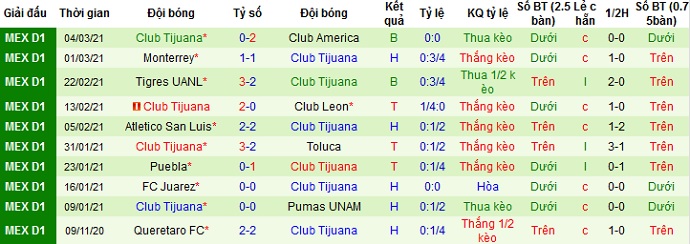 + Thống kê 10 trận gần nhất của Club Tijuana
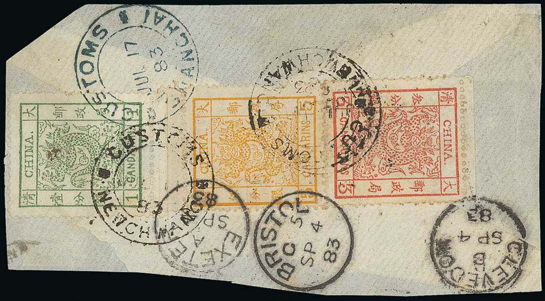 1883 (11 July) large piece from the reverse of a cover bearing 1ca. light green [18], 3ca. pale brown-red [23] and 5ca. yellow-ochre [12] tied by good strikes of the "customs/newchwang" c.d.s., Customs Shanghai (17.7), Exeter, Bristol and Cleveland (4.9) British c.d.s. A rare combination of the large setting
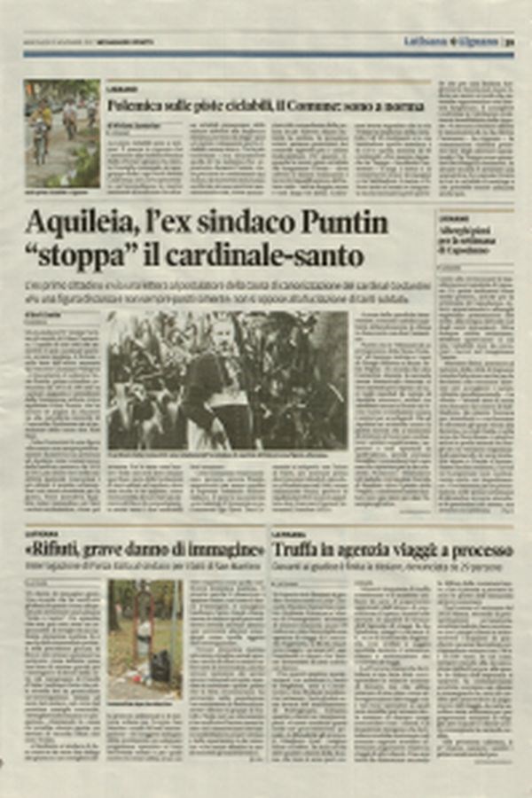 In data 15 e 16 novembre 2017 il quotidiano Messaggero Veneto pubblica due servizi, che qui riportiamo, riportanti dichiarazioni di Lodovico Nevio Puntin in merito al comportamento negativo avuto da Celso Costantini tra il 1915 e 1917 quando fu Parroco di Aquileia. Un tanto in vista del pronunciamento sulla causa di canonizzazione e beatificazione attivata dal vescovo di Concordia Pordenone mons. Pellegrini con l’editto del 3 agosto 2017. Puntin ha inviato al Postulatore e alla cancelleria della Curia vescovile di Concordia Pordenone un documento affinchè venga valutato in quanto in contrasto con la proposta di canonizzazione del cardinale Celso Costantini.
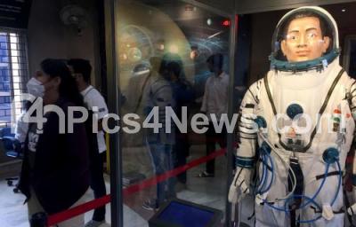 Photo Caption : Indian space enthusiasts and students look at the space equipment models at the Human Space Flight Expo organised by the Indian Space Research Organisation (ISRO) at the Jawaharlal Nehru Planetarium, in Bengaluru on Friday 22nd July 2022
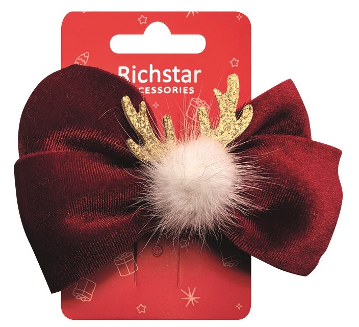 Mašle do vlasů sametová vánoční, červená 11 x 8 cm
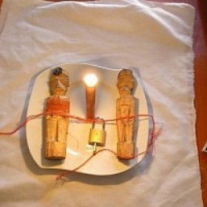 Accendere le due candele rosse e posizionatele una accanto all’altra. Posizionate davanti ad esse la ciotola vuota.

****************************************

TASK PROMPT: Leave out the pictures. Transcribe only the lines above, from the first through the one that contains "Mašle do vlasů".

TASK RESULT:
 + Thống kê 10 trận gần nhất của Club Tijuana
 1883 (11 July) large piece from the reverse of a cover bearing 1ca. light green [18], 3ca. pale brown-red [23] and 5ca. yellow-ochre [12] tied by good strikes of the "customs/newchwang" c.d.s., Customs Shanghai (17.7), Exeter, Bristol and Cleveland (4.9) British c.d.s. A rare combination of the large setting
 In data 15 e 16 novembre 2017 il quotidiano Messaggero Veneto pubblica due servizi, che qui riportiamo, riportanti dichiarazioni di Lodovico Nevio Puntin in merito al comportamento negativo avuto da Celso Costantini tra il 1915 e 1917 quando fu Parroco di Aquileia. Un tanto in vista del pronunciamento sulla causa di canonizzazione e beatificazione attivata dal vescovo di Concordia Pordenone mons. Pellegrini con l’editto del 3 agosto 2017. Puntin ha inviato al Postulatore e alla cancelleria della Curia vescovile di Concordia Pordenone un documento affinchè venga valutato in quanto in contrasto con la proposta di canonizzazione del cardinale Celso Costantini.
 Photo Caption : Indian space enthusiasts and students look at the space equipment models at the Human Space Flight Expo organised by the Indian Space Research Organisation (ISRO) at the Jawaharlal Nehru Planetarium, in Bengaluru on Friday 22nd July 2022
 Mašle do vlasů sametová vánoční, červená 11 x 8 cm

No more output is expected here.